1.Metered Dose Inhalers(MDIs)

They utilize a chemical propellant to propel an evaluated dose of medication. They comprise a mouthpiece, a pressurized canister having medication, and a metering valve, which dispenses the right dose of medication. The medicine is released either by inhaling or squeezing the canister. Some of them have counters to know how many doses are remaining. If there is no counter, the patient needs to keep a track of the number of doses used in order to know when the device would be out of medication. The chemical propellant commonly used is chlorofluorocarbon (CFC). But since it damages the ozone layer, other propellants like hydrofluoroalkane (HFA) are now been used. The dose of medicine released by the ones containing HFA is more soft, warm, and reaches directly to the lungs.
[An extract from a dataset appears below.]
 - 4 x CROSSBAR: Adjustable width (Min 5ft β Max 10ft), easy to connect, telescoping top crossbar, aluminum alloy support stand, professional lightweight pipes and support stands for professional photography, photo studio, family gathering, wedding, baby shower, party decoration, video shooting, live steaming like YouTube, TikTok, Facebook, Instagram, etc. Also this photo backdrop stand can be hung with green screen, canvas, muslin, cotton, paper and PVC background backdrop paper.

2.Dry Powder Inhalers (DPIs)

They do not have a gas propellant to propel the drug out of a canister. Each dose contains a small amount of drug in a powder form, which the patient has to suck in. The patient has to breathe in very hard to get the powder into his lungs. Most adults and older children find it easy to operate, but young children may find it difficult to breathe in so hard and suck in the powder. They may be difficult to use, especially during an asthma attack, as during such times, it is hard to catch a deep breath anyway. On the other hand, some find them easier as compared to the previous one, as the hand-lung coordination is not needed. They are categorized as powder disk, dry powder tube, and single-dose dry powder disk inhaler. Spacers are not required to be used with them.
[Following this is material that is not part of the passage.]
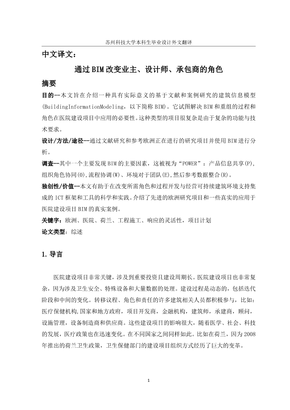通过BIM改变业主、设计师、承包商的角色外文翻译资料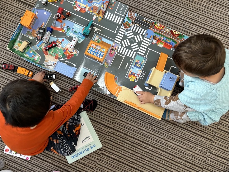 ▼ 車のおもちゃで遊ぶクルドの幼児たち。

A spacer is a tube, which is attached to the inhaler and holds the medicine until the patient doesn't breathe in completely. It gives more time to inhale slowly, and decreases the amount of medication that deposits on the back of the patient's throat and tongue. It makes the use of the device simpler, and helps in depositing the medicine into the lungs more efficiently. In this, the hand-breath coordination is not important, and deep and fast breathing is not required. This type requires regular cleansing with soap and water.

This equipment has transformed the treatment of asthma and other lung diseases. They are the most effective way of providing life-saving medication to the patients. Although there are hardly any side effects, it is always advisable to consult a doctor before using any type of inhaler.

Disclaimer: This HealthHearty article is for informative purposes only, and should not be used as a replacement for expert medical advice.